Così nell’era Covid anneghiamo in parole, storie, commenti, tratti, video. Non riusciamo a sintetizzare-tradurre-fissare il momento che stiamo attraversando in una sola frase. Però l’immagine si impone per la sua forza immediata, quasi trascendente rispetto alla volontà e possibilità di comunicare un concetto. Perché, con René Char: «Solo gli occhi sono ancora capaci di gettare un grido».

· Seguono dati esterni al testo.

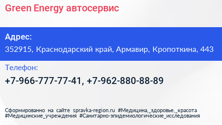 Green Energy, автосервис по адресу 352915, Краснодарский край, Армавир, Кропоткина, 443 в дальнейшем Организация, размещена в следующих категориях: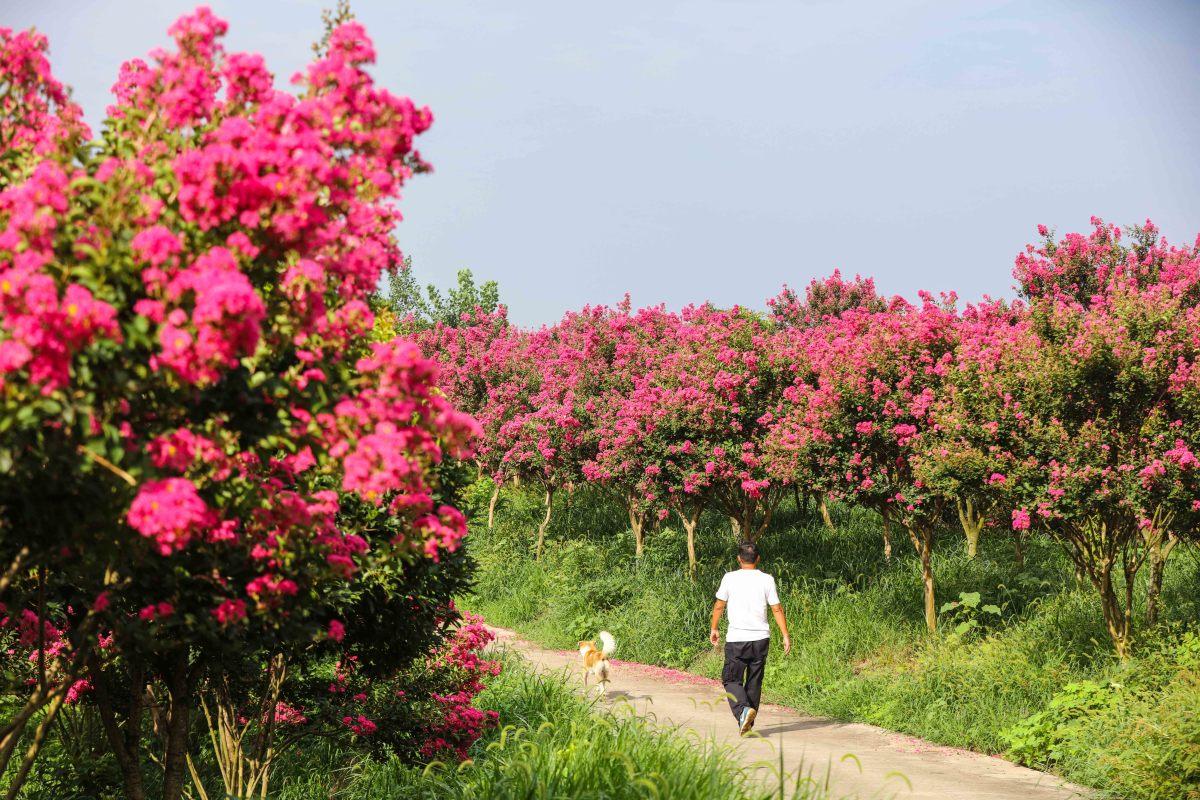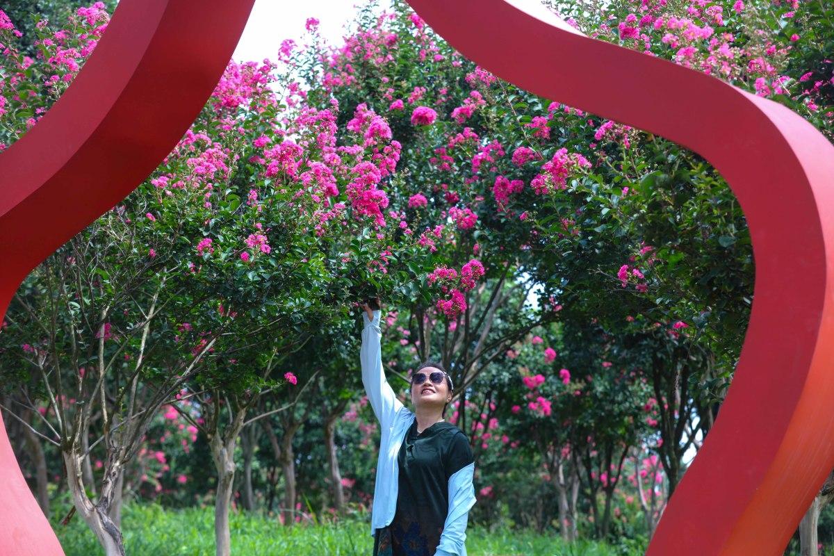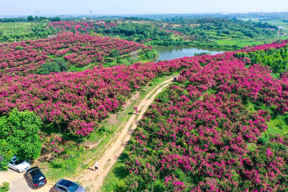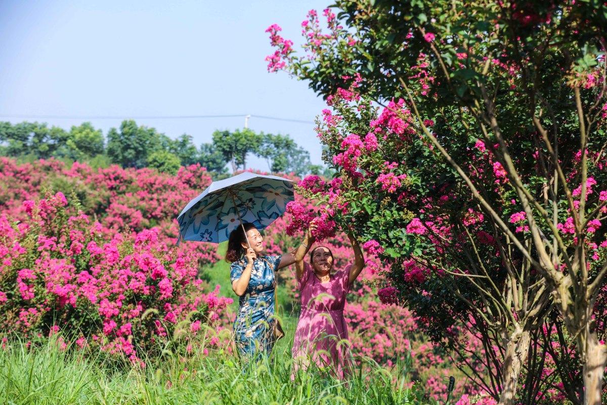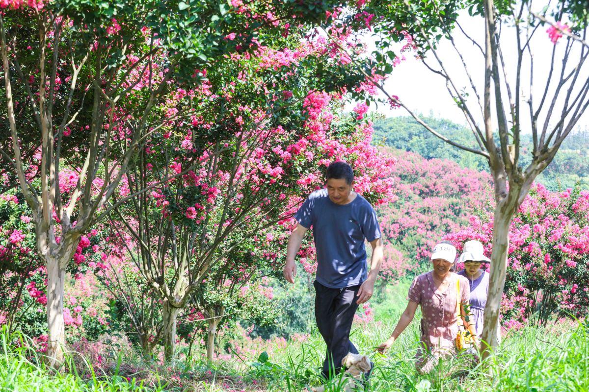 7月16日,游客在信陽市光山縣槐店鄉(xiāng)司馬光油茶園景區(qū)紫薇園花海中游玩。眼下,紫薇園花開成海,如同人間仙境,吸引著大量游客慕名而來觀賞、拍照。近年來,光山縣在實施鄉(xiāng)村振興的過程中,注重依托生態(tài)山林、田園景色等發(fā)展鄉(xiāng)村旅游項目,吸引眾多游客前來觀光旅游,帶動當?shù)剞r(nóng)家樂、農(nóng)副產(chǎn)品銷售等多項經(jīng)營收入增長。

E forse l’immagine riesce in questa occasione in ciò che per la parola è impossibile: comunicare l’immenso vuoto. Un ossimoro comunicativo che spiazza la parola. Ma non l’immagine. Ed ecco dunque che tutti ricorderanno il Papa nella Piazza San Pietro vuota. Il presidente della Repubblica Sergio Mattarella davanti all’Altare della Patria in uno scenario deserto. E forse più di tutto, l’immagine che probabilmente descriverà in futuro questo momento è quella della città di Whuan vuota. Le strade deserte. Hiroshima, Berlino, Dresda: la tragedia che distrugge tutto. E lascia il vuoto. Ecco, l’immagine è piena di vuoto. Il mondo è stato pieno di vuoto. Vuoto: una parola che la parola scritta non può descrivere con altrettanta efficacia. Nell’era della comunicazione permanente l’assenza diventa quasi incomunicabile. Se non attraverso le immagini.

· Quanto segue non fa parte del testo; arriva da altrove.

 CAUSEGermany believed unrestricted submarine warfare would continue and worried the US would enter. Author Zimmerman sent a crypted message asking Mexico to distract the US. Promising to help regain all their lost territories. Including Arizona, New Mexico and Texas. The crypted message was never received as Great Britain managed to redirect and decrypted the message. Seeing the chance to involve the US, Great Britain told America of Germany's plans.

Siamo nell’epoca delle multi-narrazioni, sempre e immediatamente disponibili, in qualunque tempo e luogo ci si trovi. Ne consegue una mutazione radicale di concetti come memoria, tempo, spazio, oltre alle modalità con cui vengono a stabilirsi le relazioni tra gli individui.
Guardando le immagini che hanno segnato la storia e soprattutto quelle tradotte in opera pittorica, ho visto fatti, situazioni, emozioni, vissuti che entrano in punta di piedi o prepotentemente nel farsi delle opere e, ancor prima, nell’immaginario collettivo. Momenti sottilmente o imperiosamente epocali, che marcano un confine tra un prima e un dopo. Pensando a parole chiave come “attesa” e “solitudine” che certamente connotano questo momento, le immagini sono davvero molte dove il nervo scoperto è l’incertezza. L’inconsistenza del presente quando il passato immediatamente vicino era radicalmente diverso. Così è stato oggi. Le strade vuote hanno dato piena rappresentazione di quanto sia fragile il presente. Il presente che nella civiltà della comunicazione è il flusso continuo delle parole. Che può essere fermato in un’immagine.